→ **WHAT TO PRODUCE**: Return the entries below in their exact form, leaving the pictures out.

→ **SUPPLIED MATERIAL**:
--

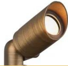
VOLT® Spark Mini Brass Spotlight (Bronze)

Compact and durable, this heavyweight solid cast brass spotlight offers many uses. Uses replaceable MR11 LED bulbs. This fixture is ideal for niche applications such as garden lighting, illuminating statuary or small architectural or landscape features.
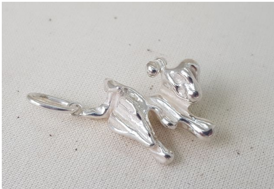
Large Water Cast Birch Twigs Pendant only EA57 £100
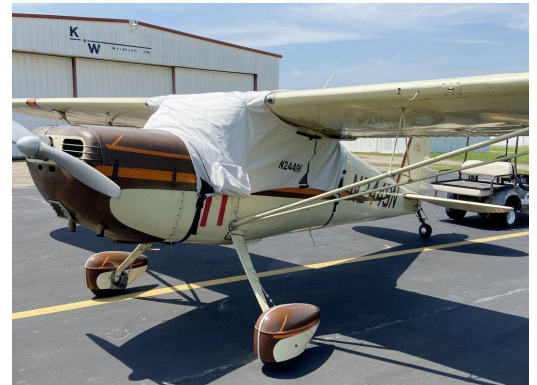
Cessna 140 Over-Top Canopy Cover
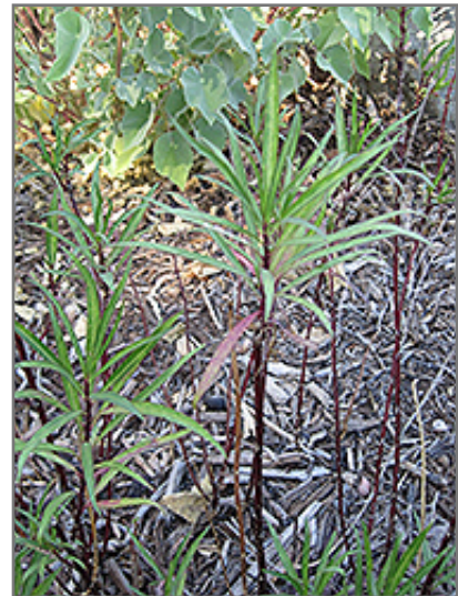
Mexican Cardinal Flower foliage
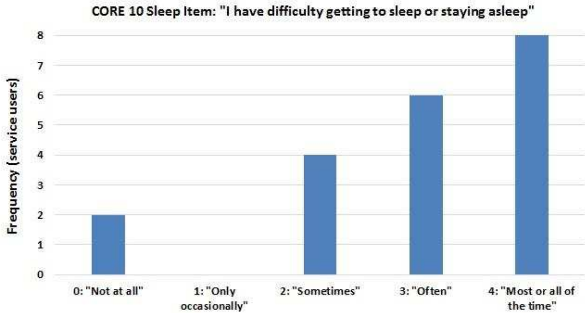
Figure 1. The frequency of reported sleep disturbances on the CORE-10 Sleep Item in the clinical sample ( N = 20 ).
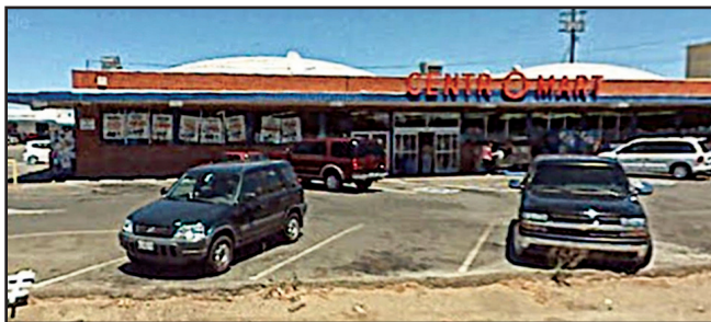
Old Centro Mart 2007
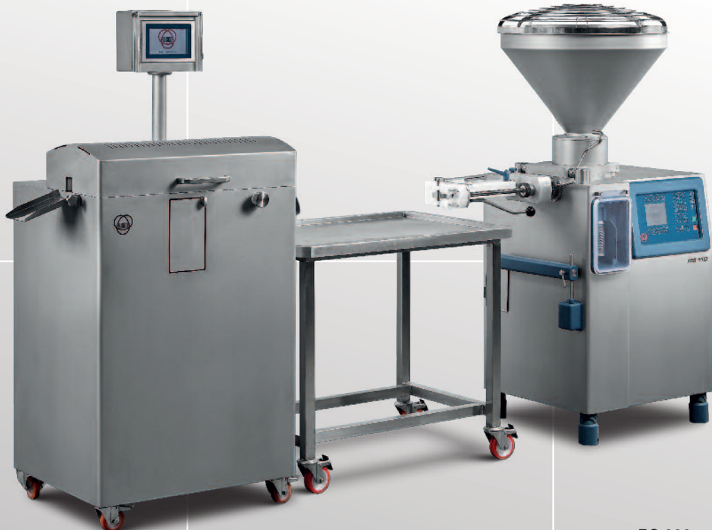
RS 280 stand-alone version
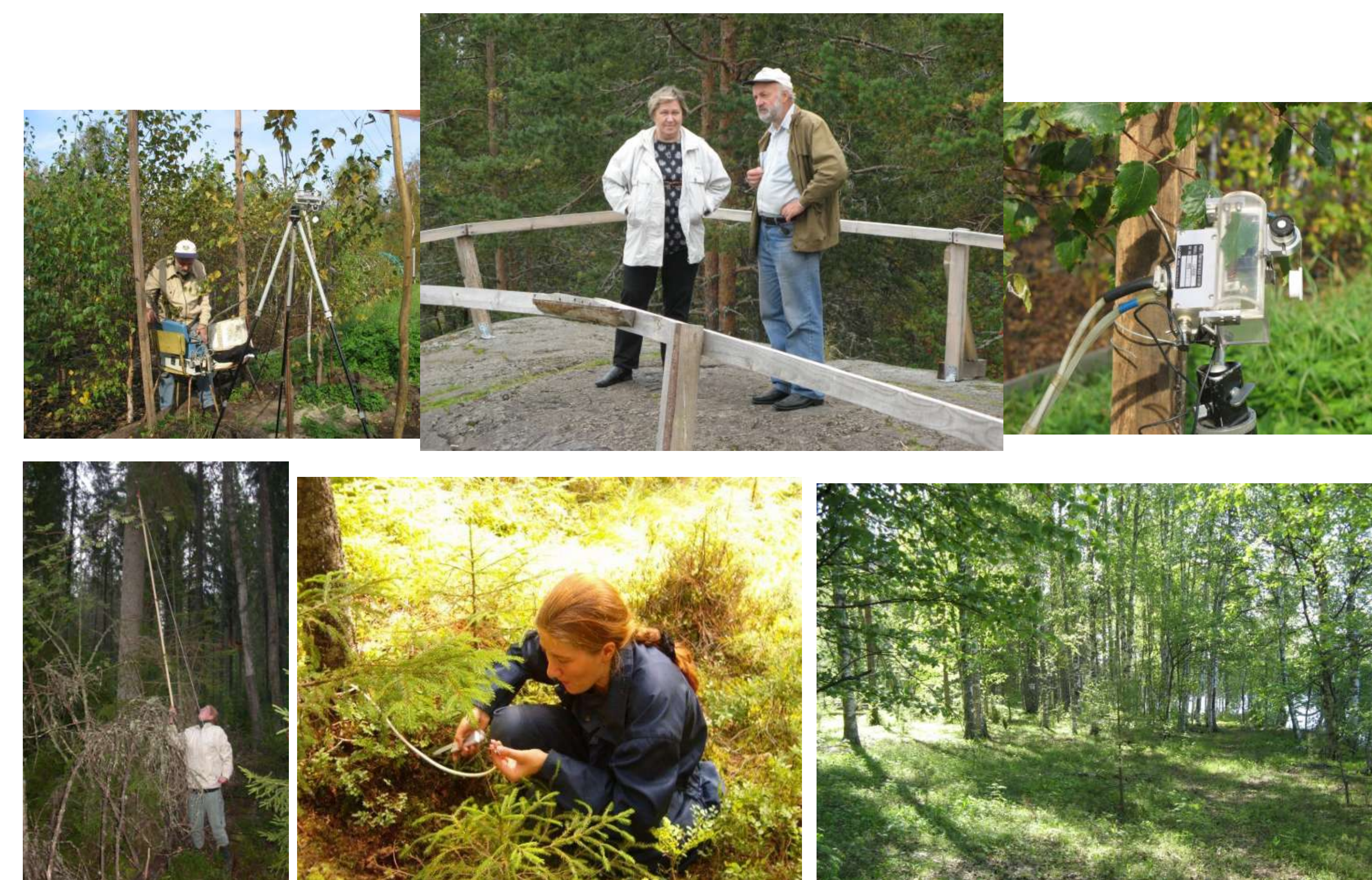
Fig. 4: Field studies

In addition to stationary system of measurements, portable equipment was used to perform ecological measurements in different forest types (Fig. 4). We found that needle transpiration capacity ( 41.7 \text{ mm ha}^{-1}\text{yr}^{-1} ) and xylem water conductivity ( 101 \text{ ton m}^{-2} \text{ yr}^{-1} ) were constant in the forest types of different productivity. On the base of analysis of our own data and data available in literature, it have been found that annual photosynthetic productivity averaged over crown in the middle-aged pine trees ( 1.52 \pm 0.13 \text{ g g}^{-1}\text{year}^{-1} ) is constant in the similar climatic conditions (Karelia, Finland, Sweden). Using portable system of measurement of gas exchange (Li-Cor), photosynthesis and respiration of coniferous trees exposed to toxic pollutants were conducted in the north of Karelia, (Kostomuksha Mining Plant ("Костомукшский ГОК") and on Kola Peninsula. Monchegorsk and North Nickel Mining Plants ("Мончегорский комбинат", "Североникель"). Among the results of this research, we estimated photosynthetic sink of \text{CO}_2 into pine forests in normal (background) conditions and near large sources of industrial pollution.
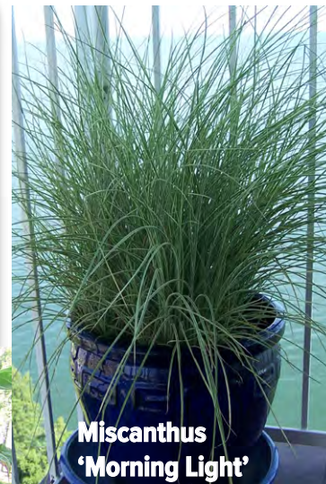
Miscanthus 'Morning Light'
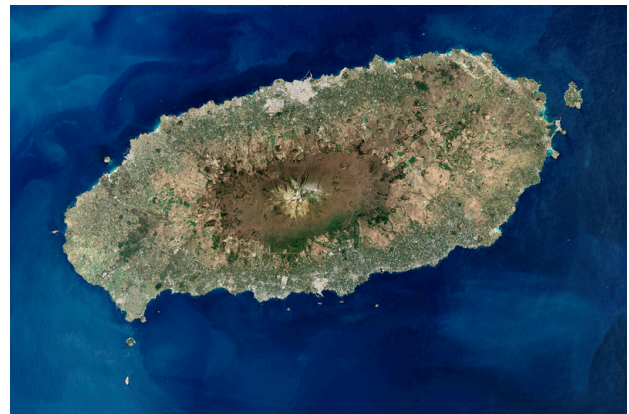
Cheju island: Robert Simmon, using Landsat data provided by the United States Geological Survey. Earth Observatory . From Wikipedia (Public Domain).

Keywords: Cheju 4.3 Incident; artists/activism; Cold War; decolonization; personal narratives; the archipelagic
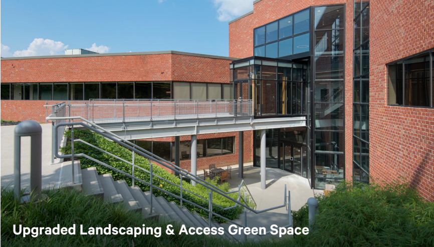
Upgraded Landscaping & Access Green Space

--

→ **RESPONSE**:
VOLT® Spark Mini Brass Spotlight (Bronze)

Compact and durable, this heavyweight solid cast brass spotlight offers many uses. Uses replaceable MR11 LED bulbs. This fixture is ideal for niche applications such as garden lighting, illuminating statuary or small architectural or landscape features.
Large Water Cast Birch Twigs Pendant only EA57 £100
Cessna 140 Over-Top Canopy Cover
Mexican Cardinal Flower foliage
Figure 1. The frequency of reported sleep disturbances on the CORE-10 Sleep Item in the clinical sample ( N = 20 ).
Old Centro Mart 2007
RS 280 stand-alone version
Fig. 4: Field studies

In addition to stationary system of measurements, portable equipment was used to perform ecological measurements in different forest types (Fig. 4). We found that needle transpiration capacity ( 41.7 \text{ mm ha}^{-1}\text{yr}^{-1} ) and xylem water conductivity ( 101 \text{ ton m}^{-2} \text{ yr}^{-1} ) were constant in the forest types of different productivity. On the base of analysis of our own data and data available in literature, it have been found that annual photosynthetic productivity averaged over crown in the middle-aged pine trees ( 1.52 \pm 0.13 \text{ g g}^{-1}\text{year}^{-1} ) is constant in the similar climatic conditions (Karelia, Finland, Sweden). Using portable system of measurement of gas exchange (Li-Cor), photosynthesis and respiration of coniferous trees exposed to toxic pollutants were conducted in the north of Karelia, (Kostomuksha Mining Plant ("Костомукшский ГОК") and on Kola Peninsula. Monchegorsk and North Nickel Mining Plants ("Мончегорский комбинат", "Североникель"). Among the results of this research, we estimated photosynthetic sink of \text{CO}_2 into pine forests in normal (background) conditions and near large sources of industrial pollution.
Miscanthus 'Morning Light'
Cheju island: Robert Simmon, using Landsat data provided by the United States Geological Survey. Earth Observatory . From Wikipedia (Public Domain).

Keywords: Cheju 4.3 Incident; artists/activism; Cold War; decolonization; personal narratives; the archipelagic
Upgraded Landscaping & Access Green Space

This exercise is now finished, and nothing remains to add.